So, I've been trying to teach myself probability theory, and I think I have the idea down, but I wanted to make sure I am on the right track. Thus, I was wondering if people here could confirm that I am doing this right...
If I have an urn with k balls all colored distinctly, I want to calculate the probability that choosing k+2 of them(with replacement) will give at least one ball of each color.
I think this will be $$1-\sum_{i=1}^{k-1}{k\choose i}(\frac{k-i}k)^{k+2}(-1)^{i+1}$$ but I am not sure. If someone can either confirm this or let me know what I am doing wrong, that would be great.
Your Inclusion/Exclusion expression is correct, and works equally well for $m\ge k$ trials. We consider a more simple-minded cases approach that works well for $m=k+2$, but that is unwieldy for larger $m$.

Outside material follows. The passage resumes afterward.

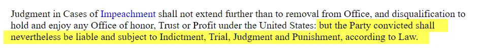 Specifically points out that impeachment is for the removal from office so that the individual can then be subject to indictment, trial, and punishment under the law.
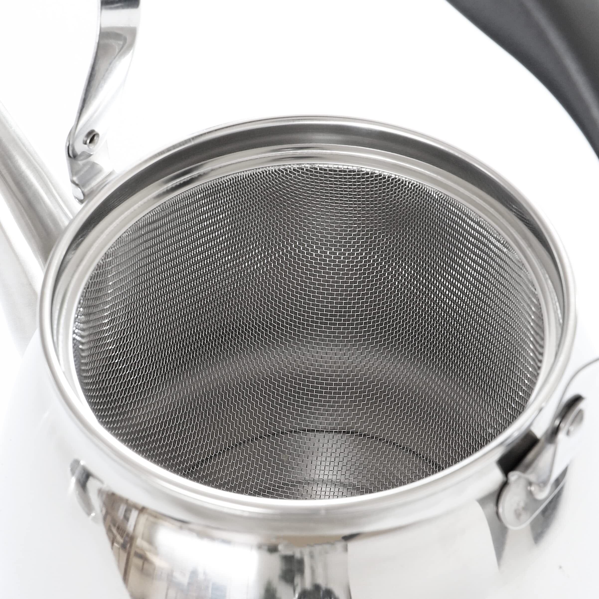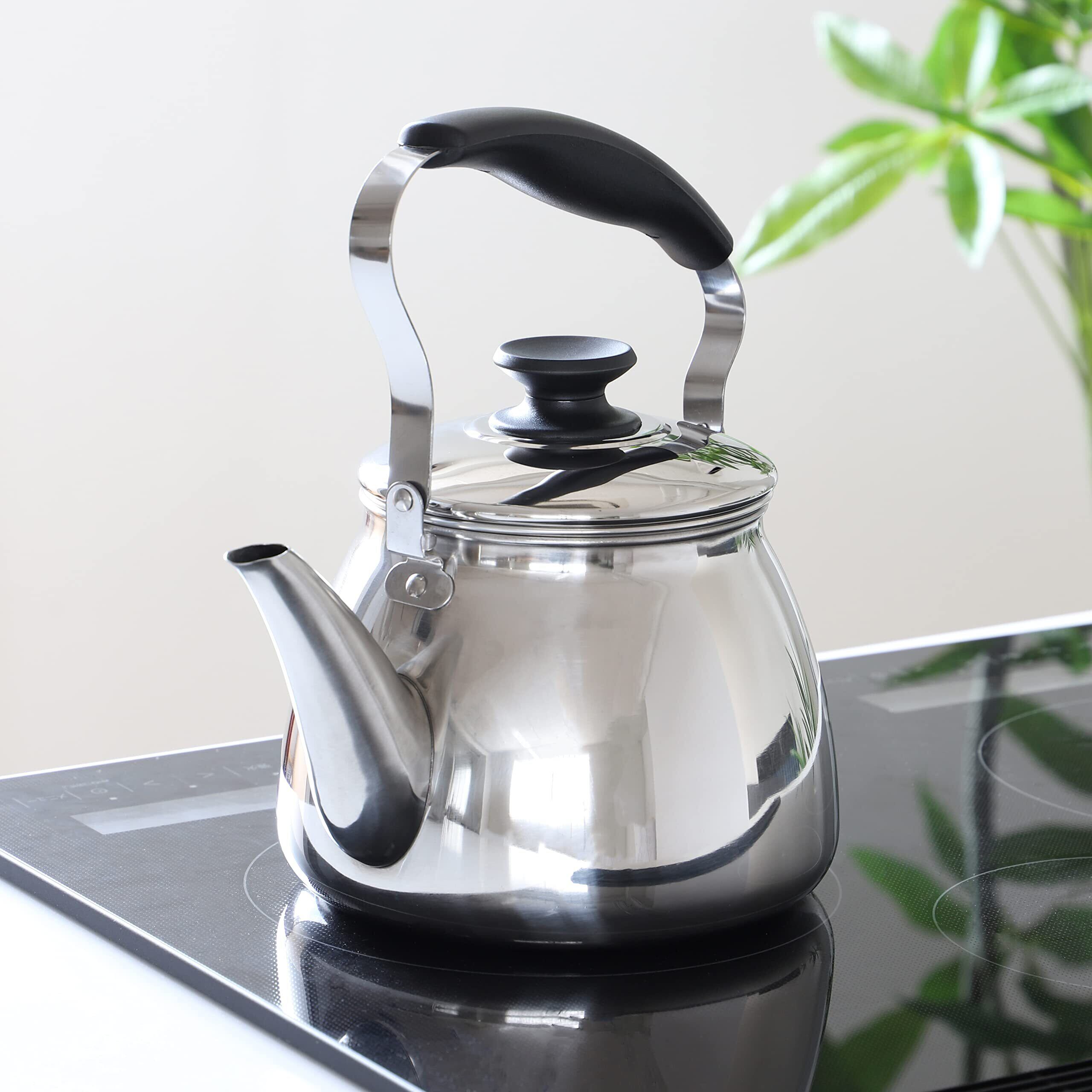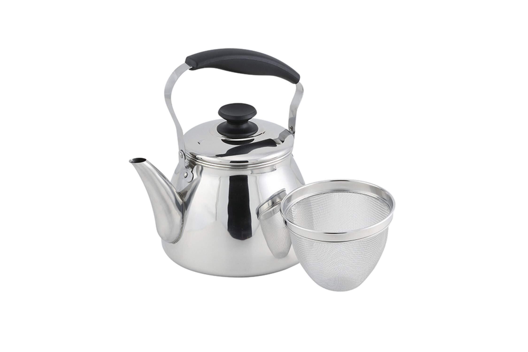 ○お茶の煮出しに便利な、深型の茶こしアミが付いたステンレス製ケトル(やかん)です。 ○広口なので中まで洗えて衛生的です。2Lの冷水筒、パーソナルジャグ2本分を1度に沸かせる、大容量モデルのケトルです。 ○ガス火はもちろん、200VのIHクッキングヒーターやハロゲンヒーターなどオール熱源に対応しています。

There are $k^{k+2}$ equally likely sequences of $k+2$ colours. We count the favourables, in which all $k$ colours are represented.
Let $k\ge 2$. There are two types of favourable: (i) one colour occurs three times, and the other $k-1$ colours appear once each, and (ii) two colours appear twice each, and the other $k-2$ colours appear once each.
First we count the Type (1) favourables. The colour that appears three times can be chosen in $\binom{k}{1}$ ways. The places it occurs can be chosen in $\binom{k+2}{3}$ ways. And the rest of the colours can occupy the remaining $k-1$ places in $(k-1)!$ ways, for a total of $\binom{k}{1}\binom{k+2}{3}(k-1)!$ ways.
We next count the Type (ii) favourables. The colours that occur twice can be chosen in $\bino{k}{2}$ ways, and placed in $\binom{k+2}{2}\binom{k}{2}$ ways. Then the rest can be filled in $(k-2)!$ ways, for a total of $\binom{k}{2}\binom{k+2}{2}\binom{k}{2}(k-2)!$.
Remark: It is easy to miscount the Type (ii) cases, and get an expression twice the correct one.